All site content is split up into "topics", to put in the sidebar, each of which can either serve as an index to a collection of `ContentPages` (as a bunch of `.clay` files in a subdirectory with the name `#{topic}`), or a single `IndexPage` (named `#{topic}.index.clay`). `index.clay` is special-cased to serve as the root of the site.

So, if you have these files,

.vscode/ # provided by `init`
.htaccess # provided by `init`
lib/ # provided by `init`
design/ # provided by `init`
index.clay # provided by `init`
scratch.index.clay # provided by `init`
404.index.clay # provided by `init`
blog.index.clay
blog/personal/1.clay
blog/math/1.clay
colophon.index.clay

clayoven automatically builds a sidebar with `index`, `blog` and `colophon` (each of which are instances of `IndexPage`). `/blog` will have links to the posts `/blog/personal/1` and `/blog/math/1` (each of which are instances of `ContentPage`), under the titles `personal` and `math` (the "subtopics"). If there are multiple `ContentPage` entries under an `IndexPage`, the latter simply serves to give a introduction, with links to articles automatically appearing after the introduction. `IndexPage` and `ContentPage` are run through the same `design/template.slim`, and the template file has access to the accessors.

The engine works closely with the git object store, and builds are incremental by default; it mostly Just Works, and when it doesn't, there's an option to force a full rebuild. The engine also pulls out the created-timestamp (`Page#crdate`) and last-modified-timestamp (`Page#lastmod`) from git, respecting moves. `ContentPages` are sorted by `crdate`, reverse-chronologically, and `IndexPages` are sorted alphabetically.

## Usage

- `clayoven init` to generate the necessary starter project.
- `clayoven` to generate HTML files incrementally based on the current git index.
- `clayoven aggressive` to regenerate the entire site; only requires to be run on occassion.
- `clayoven httpd` to preview your website locally.

## Configuration

1. `.clayoven/sitename` is URL of the site, excluding the `https://` prefix.
2. `.clayoven/hidden` is a list of `IndexFiles` that should be built, but not displayed in the sidebar.

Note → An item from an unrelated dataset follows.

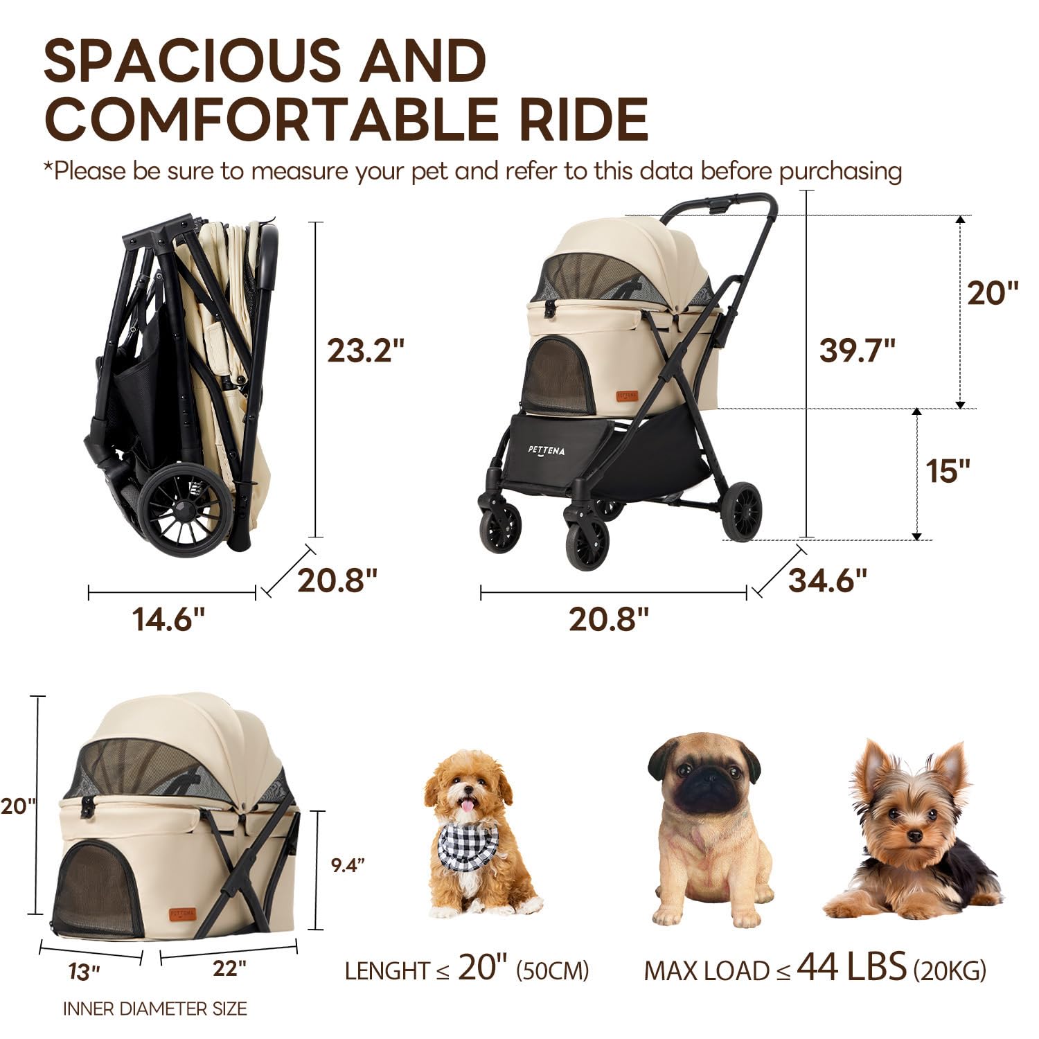 【One-Pull Open Ver.】 PETTENA Dog Stroller for Small Dogs, One-Touch Foldable Dog Stroller for Small/Medium Dogs Cats up to 44 Lbs, Khaki

You would want to use it for your 404 page and drafts.
3. `.clayoven/tz` is a timezone-to-location mapper, with lines of the form `+0000 London`. clayoven digs through the git history for locations, and exposes a `Page#locations`.
4. `.clayoven/subtopic` is a [subtopic directory]-to-subtitle mapper, with lines of the form `inf ∞-categories`.

## The claytext processor

The claytext processor is, at its core, a paragraph-processor; all content must be split up into either plain paragraphs, or "fences" (multiple paragraphs delimited by start and end tokens). The function of most markers should be evident from the `scratch.html` produced by a `clayoven init`. The format is strict, and the processor doesn't like files with paragraphs wrapped using hard line breaks.

`Clayoven::Claytext::Transforms::LINE` matches paragraphs where all lines begin with some regex, and `Clayoven::Claytext::Transforms::Fenced` match fences (could be multiple paragraphs) that start and end with the specified tokens. In addition to this, there are inline markdown markers `` `...` `` and `[...](...)`, for content that is to be put in `` and ``, respectively.

## Tips

- Check in the generated HTML to the site's repository, so that eyeballing `git diff` can serve as a testing mechanism.
- If you accidentally commit `.clay` files before running clayoven, running it afterward will do nothing, since it will see a clean git index; you'll need to run the aggressive variant.
- Importing historical content is easy; a `git commit --date="#{historical_date}"` would give the post an appropriate creation date that will be respected in the sorting-order.

## Planned features, and anti-features

- Have one unified dhall configuration.
- Allow the user to extend claytext syntax with configuration.
- Hit 100% test coverage.
- Get vsclay to report syntax errors.
- Anti: extend clayoven in ways that would necessitate an ugly implementation.